On the other hand there are examples (already by Kolmogorov in 1876) of $L^1$ functions whose Fourier series diverge everywhere.
More elementary results are, for example that the Fourier series of a continuous, piecewise differentiable function converges pointwise everywhere. See this for a thorough discussion about convergence of Fourier series.
On
If the function is in $L^2[a,b]$, then the Fourier series for $f$ will converge in the $L^2$ norm to $f$. More remarkably, the Fourier series will converge pointwise a.e. to $f$, which is a result of Lennart Carleson known as Carleson's Theorem. This is considered to be one of the deepest results of Fourier Analysis. There are no known simple proofs.
Fourier Series won't converge point-wise but on average.

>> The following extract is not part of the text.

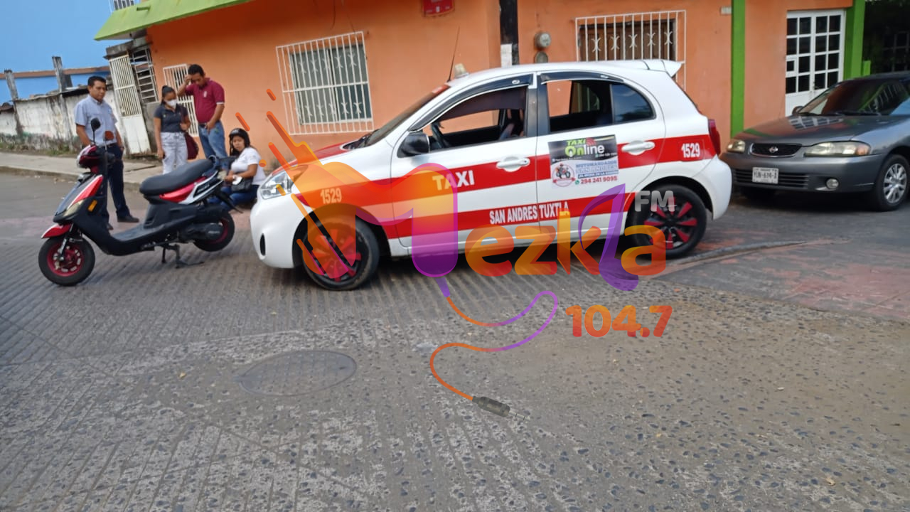 Hoy por la mañana en las inmediaciones de las colonias Belén Grande y Esperanza en el cruce que forman las calles Leona Vicario e Iturbide se registró un percance vial entre un vehículo del transporte público en su modalidad de taxi y una motoneta, que dejó como saldo una persona lesionada.

From the start Fourier transform is (usually) defined on the Schwarz class of infinitely differentiable functions of compact support (which is a bit of a requirement), but it can be shown that functions in $L^2$ can be approximated arbitrarily well by functions which are Fourier transformable. I have seen one of the proofs of this in a course so it should probably be readily available online. The version I saw used the derivatives of $e^{-x^2}$ to build a basis and then showed that it was complete in $L^2$ and also Fourier transformable. Here seems to be some details on that. In this linked version they are not only derivatives but also renormalized to have integral 1 "probabilists" (probability distribution sums to 1). Probably out of convenience to make it an ON basis.